Wilderness survival. A river of ink has been spilled on that thorny subject. “Survival Experts” of a variety of stripes have eked lucrative livings out of eating vile stuff on television in the name of besting nature. Reality is a bit different.
I spent more than my share of time in the boonies back when I was a soldier. On a couple of occasions, a handful of mates and I airlifted into the wilds of Alaska to spend a week living on Arctic grayling, ptarmigan, and whatever else we could scrounge. Don’t be impressed with that. Alaska in the summertime makes that pretty darn easy. If nothing else, the entire state is covered in a thin patina of berries.
I completed the Army’s Northern Warfare Mountain Survival course and the USAF Arctic Survival School. They called the latter “Cool School.” I would more accurately refer to it as the “US Air Force Food Appreciation Course.” I actually got hungry enough to eat a boiled rabbit, but that’s a story for another day.
The typical human can actually make it about 30 days without food. However, that’s in a safe, controlled environment. Do that in the 19th-century American wilderness, and something is going to eat your emaciated butt for dinner. Now, hold that thought …
The Guy
Born in 1816 in Burlington, Vermont, Truman Everts was one of six brothers. His Dad was a ship’s captain. During the American Civil War, Truman earned a position as assessor of Internal Revenue for the Montana Territory. Abraham Lincoln signed his appointment. He served in this role from 1864 until 1870.
I guess as a sort of retirement gift to himself, in 1870, Everts struck out as part of an expedition led by Nathaniel Langford and Henry Washborn into what would eventually become Yellowstone National Park. On September 9, Everts fell behind for some reason. In short order, he lost his packhorse along with most of his grub. Now bereft of both sustenance and equipment, Everts trekked along the southern shore of Yellowstone Lake in an effort at locating his comrades.
Meanwhile, Langford and Washborn were actively trying to find the lost tax man. They fired their weapons into the air and built giant fires. They had a pre-established rendezvous point. However, once the expedition arrived, there was no sign of Everts.
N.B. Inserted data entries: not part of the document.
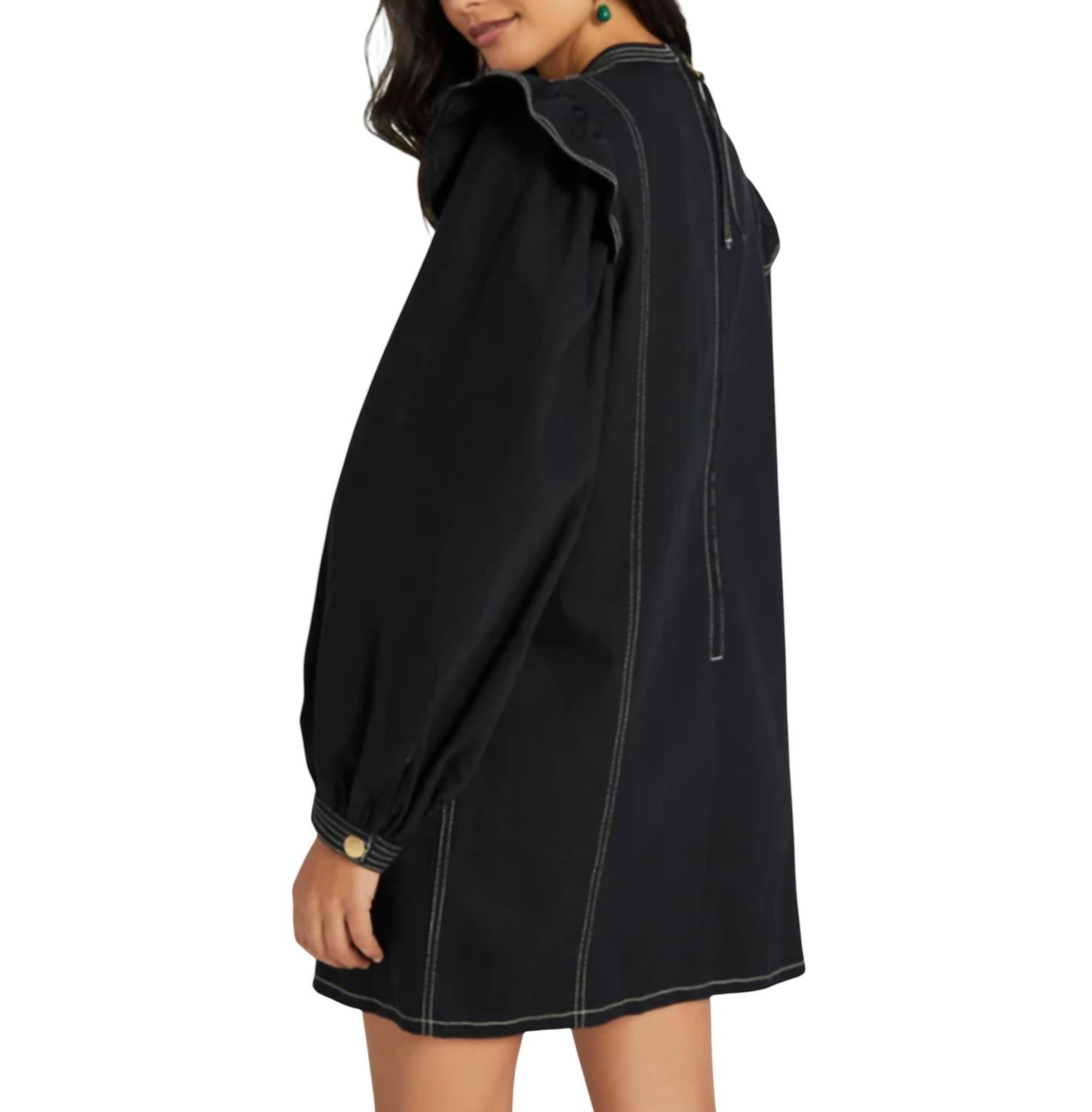 Короткое и воздушное платье для теплых дней. Откройте для себя мини-платье с оборками на плечах от SOMETHING NAVY - стильное дополнение к вашему гардеробу, выполненное в универсальном черном цвете. Это минималистичное платье-футляр с длинными рукавами и стильными оборками на плечах идеально подойдет для любого званого ужина. Изготовленное из высококачественного хлопка, оно имеет свободный крой, практичную застежку-молнию и удобные карманы. Создайте изысканный образ этой весной с помощью силуэта с воротником-стойкой, излучающего элегантность.
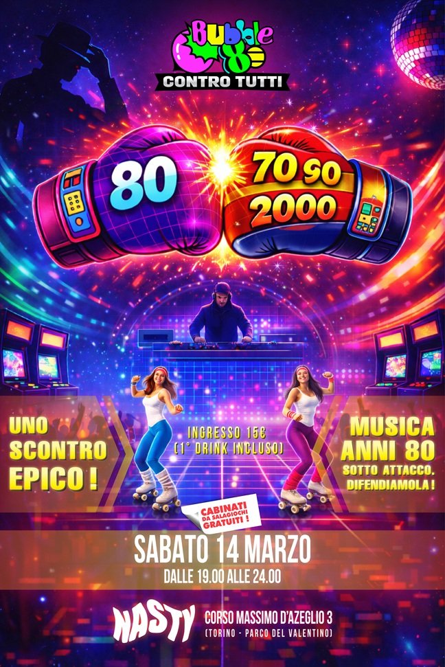 Bubble 80 Contro Tutti, una serata discoteca dove la musica anni 80 è la protagonista assoluta… ma non sarà sola.
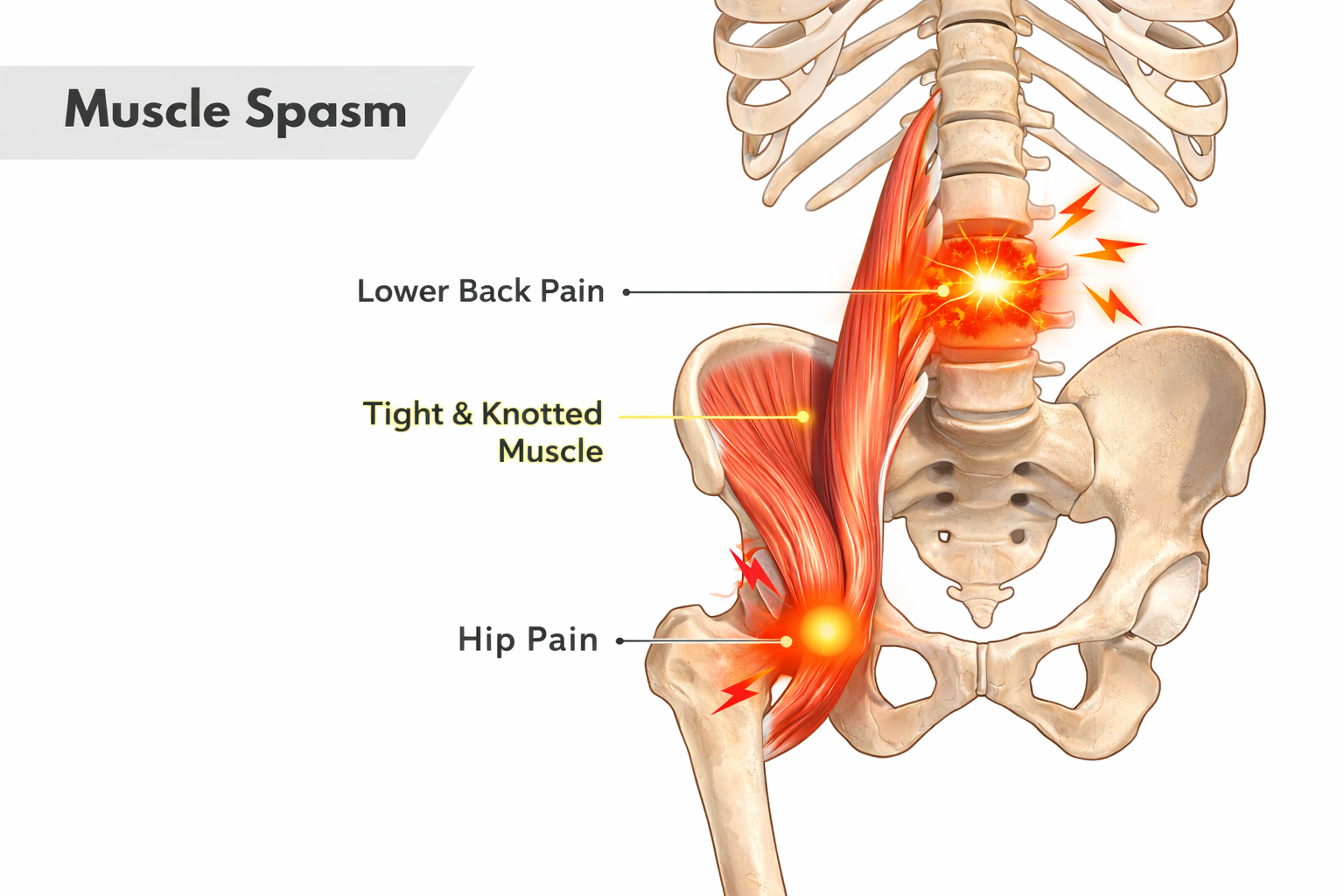 A muscle spasm in the back occurs when muscle fibers suddenly contract and tighten involuntarily. This can happen due to injury, overuse, poor posture, dehydration, or as the body’s protective response to an underlying spinal issue. Muscle spasms often cause sharp pain, stiffness, and limited movement, making it difficult to bend or twist. While spasms can feel alarming, they are frequently the body’s way of stabilizing an irritated area until proper healing and support occur.
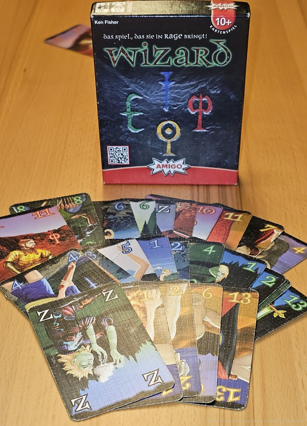 "Wizard" ist ein Stichspiel für 3–6 Personen ab 10 Jahren, in dem wir in meistens viel zu langer Spielzeit versuchen, die Menge unserer zukünftigen Stiche vorherzusagen.
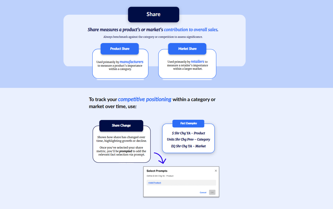 Designed real‑world metric explanations and guided report‑building steps.
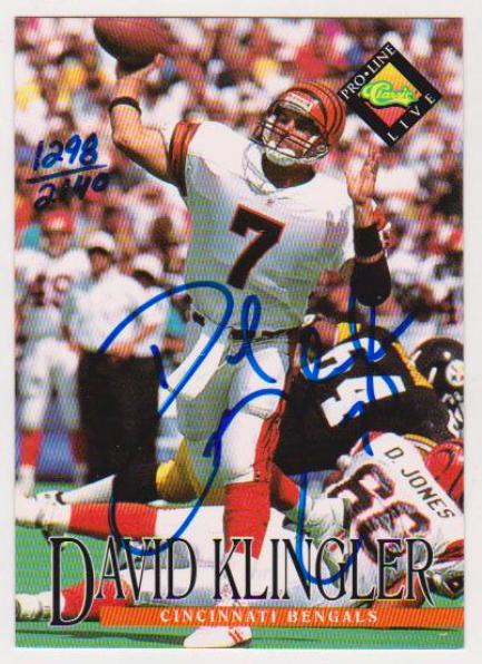 Signed - David Klingler 1994 Pro Line Certified Autographed Insert Card #1298/2140

Eventually, they just gave up.
A Serendipitous Turn of Events
On October 16, some 37 days after Everts wandered away from the group, a pair of local mountain men — George Pritchett and “Yellowstone Jack” Baronett — happened upon this half-dead tax assessor. The poor man was delirious, frostbitten, and burned from hovering around natural geothermal vents in an effort to keep warm. He weighed a mere ninety pounds.
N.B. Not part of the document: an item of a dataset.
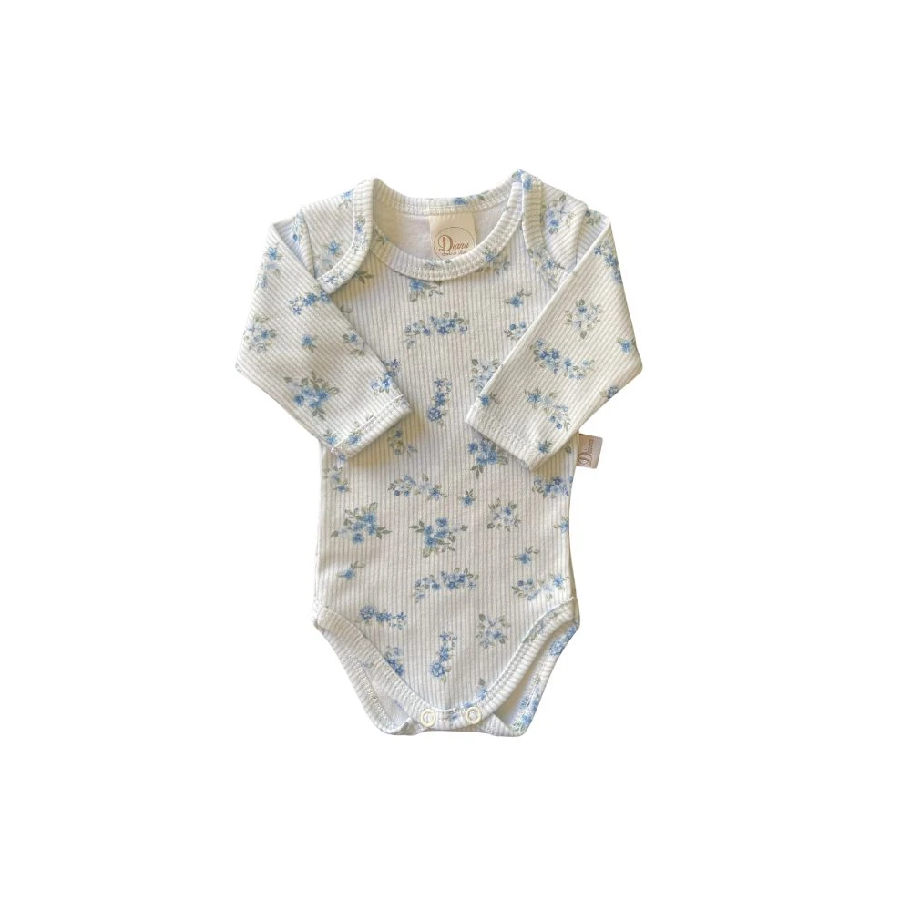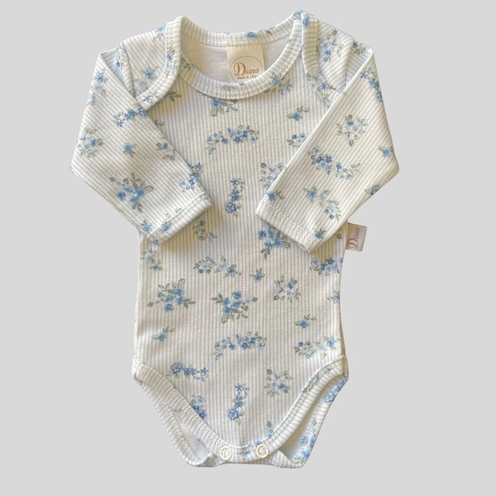 Body longo para bebê transpassado em suedine algodão egípcio estampa floral Azul

Baronett and Pritchett had actually been dispatched to recover Everts’ body. Imagine their surprise when they discovered him wandering about, delirious, some 50 miles from where he had first become separated from his party. One of the two rescuers stayed behind to help nurse Everts back to health while the other trekked a further 75 miles to get help.
Everts had subsisted mostly on raw thistle roots. This particular plant was subsequently named “Everts’ Thistle” in his honor. Henry Washburn later christened a mountain peak near Mammoth Hot Springs “Mount Everts” in recognition of his remarkable feat of survival. Everts penned a book titled “Thirty-Seven Days of Peril” that gained him some modest notoriety. However, all was not unicorns and butterflies for Truman Everts.
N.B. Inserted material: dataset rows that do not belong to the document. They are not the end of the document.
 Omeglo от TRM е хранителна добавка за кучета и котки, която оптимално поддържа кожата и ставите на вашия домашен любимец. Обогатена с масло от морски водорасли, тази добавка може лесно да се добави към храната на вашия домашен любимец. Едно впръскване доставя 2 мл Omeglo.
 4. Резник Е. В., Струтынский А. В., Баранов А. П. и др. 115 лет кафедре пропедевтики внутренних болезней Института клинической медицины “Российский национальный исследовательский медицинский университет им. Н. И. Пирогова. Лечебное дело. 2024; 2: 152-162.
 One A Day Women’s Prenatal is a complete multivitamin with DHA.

Everts harrowing adventure still available in print.
Those two mountain men weren’t out hunting Everts’ moldy old corpse just for giggles. There was a reward for his recovery. However, Everts himself insisted that the reward not be disbursed. He claimed that he had been fine and would have successfully walked out under his own steam if only they had let him be.
Given his fame, Everts was offered the position of first superintendent of Yellowstone National Park. While this was a prestigious thing, Everts turned down the offer as it paid quite literally nothing. He instead took a job in a post office in Hyattsville, Maryland. This unkillable guy eventually succumbed to pneumonia in his home in 1901. In the end, Truman Everts was indeed ever the tight-fisted tax man.